The reaction has not been uniformly alarmed. Tom's Hardware published a detailed critique arguing that the narrative around Mythos overstates the risk. The piece notes that the claim of thousands of severe vulnerabilities rests on a validation sample of 198 manually reviewed cases, and that many of the bugs found are in older software or are difficult to exploit in practice. Nvidia CEO Jensen Huang was reported to have criticised the broader pattern of AI labs positioning themselves as uniquely responsible stewards of powerful technology, a framing that conveniently supports corporate-only deployment models. The controlled rollout does serve Anthropic's commercial interests, positioning it as the safe choice for enterprise and government contracts in a high-stakes segment.

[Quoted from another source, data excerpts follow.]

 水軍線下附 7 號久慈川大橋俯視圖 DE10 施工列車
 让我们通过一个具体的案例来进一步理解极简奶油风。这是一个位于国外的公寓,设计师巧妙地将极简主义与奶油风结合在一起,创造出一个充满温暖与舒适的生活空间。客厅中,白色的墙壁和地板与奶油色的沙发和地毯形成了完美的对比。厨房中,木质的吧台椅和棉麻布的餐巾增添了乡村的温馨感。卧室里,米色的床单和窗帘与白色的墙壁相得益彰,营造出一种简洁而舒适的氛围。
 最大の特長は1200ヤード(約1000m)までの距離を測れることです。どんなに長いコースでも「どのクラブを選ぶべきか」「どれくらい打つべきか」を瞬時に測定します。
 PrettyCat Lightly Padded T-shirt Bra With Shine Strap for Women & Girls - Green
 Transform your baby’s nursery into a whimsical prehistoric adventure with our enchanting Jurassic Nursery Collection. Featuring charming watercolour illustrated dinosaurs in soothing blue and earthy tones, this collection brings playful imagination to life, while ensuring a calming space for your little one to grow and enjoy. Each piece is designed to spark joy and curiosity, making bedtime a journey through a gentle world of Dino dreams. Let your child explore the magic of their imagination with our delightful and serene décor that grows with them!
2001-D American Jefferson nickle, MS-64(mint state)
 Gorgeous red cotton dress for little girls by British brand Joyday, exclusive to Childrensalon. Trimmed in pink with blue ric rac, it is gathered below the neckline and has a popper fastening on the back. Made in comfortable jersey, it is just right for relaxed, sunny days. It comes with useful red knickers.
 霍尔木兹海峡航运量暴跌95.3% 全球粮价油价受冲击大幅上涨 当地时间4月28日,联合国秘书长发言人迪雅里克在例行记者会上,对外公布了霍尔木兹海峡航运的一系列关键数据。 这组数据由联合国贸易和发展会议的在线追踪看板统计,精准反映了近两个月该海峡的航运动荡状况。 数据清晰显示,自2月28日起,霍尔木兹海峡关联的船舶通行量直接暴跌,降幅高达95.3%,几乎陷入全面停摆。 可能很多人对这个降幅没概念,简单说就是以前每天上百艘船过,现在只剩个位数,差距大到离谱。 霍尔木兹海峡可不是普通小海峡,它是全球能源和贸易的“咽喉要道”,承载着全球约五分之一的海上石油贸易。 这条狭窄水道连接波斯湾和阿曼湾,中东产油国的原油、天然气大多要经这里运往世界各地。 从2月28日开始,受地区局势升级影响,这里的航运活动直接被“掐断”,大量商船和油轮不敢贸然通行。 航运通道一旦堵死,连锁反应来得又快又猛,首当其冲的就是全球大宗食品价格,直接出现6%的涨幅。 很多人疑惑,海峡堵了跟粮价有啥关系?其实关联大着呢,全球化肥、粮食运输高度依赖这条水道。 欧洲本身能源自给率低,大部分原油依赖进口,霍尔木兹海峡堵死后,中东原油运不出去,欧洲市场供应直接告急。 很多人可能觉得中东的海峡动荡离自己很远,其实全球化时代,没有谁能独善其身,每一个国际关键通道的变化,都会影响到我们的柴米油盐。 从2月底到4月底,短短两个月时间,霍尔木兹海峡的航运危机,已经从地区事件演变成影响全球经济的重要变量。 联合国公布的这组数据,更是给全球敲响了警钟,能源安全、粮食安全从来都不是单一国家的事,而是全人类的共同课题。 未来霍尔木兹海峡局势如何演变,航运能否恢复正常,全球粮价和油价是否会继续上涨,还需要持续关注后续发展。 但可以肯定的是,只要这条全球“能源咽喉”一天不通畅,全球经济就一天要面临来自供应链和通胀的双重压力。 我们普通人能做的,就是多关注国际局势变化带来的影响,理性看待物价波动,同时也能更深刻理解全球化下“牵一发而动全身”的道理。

Those observations are fair. They do not alter the underlying technical record. The vulnerabilities are real, the patches are documented, and the benchmark gaps between Mythos and its predecessors are published. Whether the risk framing is calibrated correctly is a separate question from whether the capabilities are genuine.

The Bigger Picture

Ten years after DARPA held the first Cyber Grand Challenge, a competition to demonstrate automated vulnerability discovery, a commercial AI model has surpassed what that competition imagined possible. The software running banking systems, hospital networks, power infrastructure, and government agencies contains bugs that have survived decades of review. Mythos has demonstrated it can find them faster than human experts, at scale, and autonomously.

Anthropic's stated position is that the same capability that poses a risk in the wrong hands is the most effective tool available for fixing the problem before adversaries get access to equivalent models. The $100 million in credits and the coalition of infrastructure companies is an attempt to put that argument into practice before the capability becomes broadly available elsewhere.

Whether that window holds is the question the market, governments, and the security industry are now working to answer.